Each line below from the one containing "Cartão-postal de arte" through the one containing "T-shirt de manga" should be output exactly as it stands, and no other line should appear.

Information shown:
[Start of section]
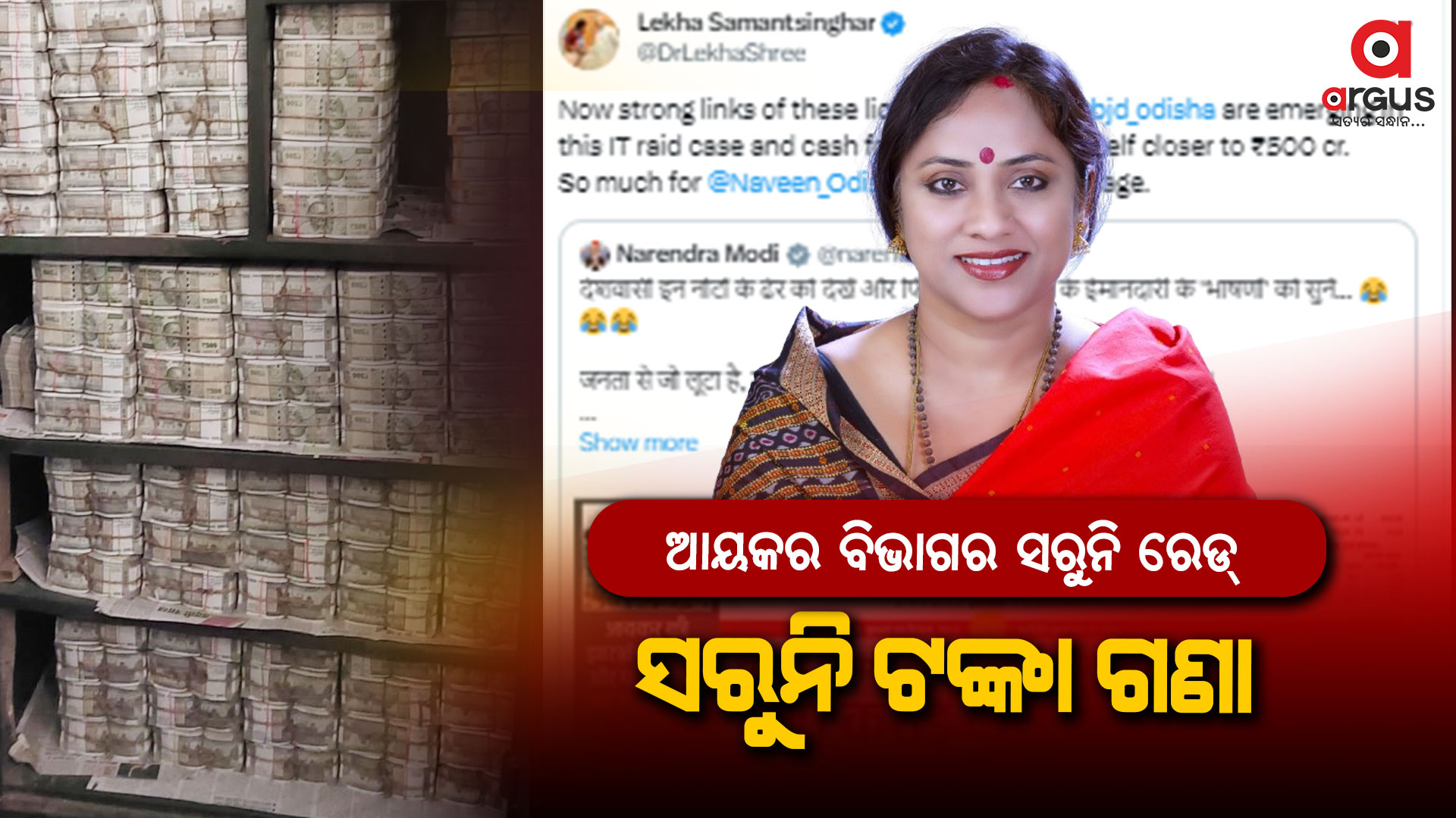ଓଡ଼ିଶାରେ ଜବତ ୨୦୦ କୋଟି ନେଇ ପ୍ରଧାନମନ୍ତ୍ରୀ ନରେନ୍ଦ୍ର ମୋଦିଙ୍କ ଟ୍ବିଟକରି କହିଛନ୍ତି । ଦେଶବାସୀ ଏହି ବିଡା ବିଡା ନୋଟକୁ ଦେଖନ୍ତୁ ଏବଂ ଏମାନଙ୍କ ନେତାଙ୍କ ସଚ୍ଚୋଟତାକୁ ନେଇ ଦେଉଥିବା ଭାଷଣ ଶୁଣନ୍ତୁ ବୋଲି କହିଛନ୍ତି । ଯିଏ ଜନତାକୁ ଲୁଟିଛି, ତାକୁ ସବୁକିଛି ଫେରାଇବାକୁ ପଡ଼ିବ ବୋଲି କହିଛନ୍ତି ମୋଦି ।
[End of section]
[Start of section]
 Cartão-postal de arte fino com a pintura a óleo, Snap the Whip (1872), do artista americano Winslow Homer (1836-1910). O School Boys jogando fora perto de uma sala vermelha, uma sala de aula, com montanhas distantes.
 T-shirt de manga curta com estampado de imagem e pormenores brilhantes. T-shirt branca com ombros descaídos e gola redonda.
[End of section]
Output below:
 Cartão-postal de arte fino com a pintura a óleo, Snap the Whip (1872), do artista americano Winslow Homer (1836-1910). O School Boys jogando fora perto de uma sala vermelha, uma sala de aula, com montanhas distantes.
 T-shirt de manga curta com estampado de imagem e pormenores brilhantes. T-shirt branca com ombros descaídos e gola redonda.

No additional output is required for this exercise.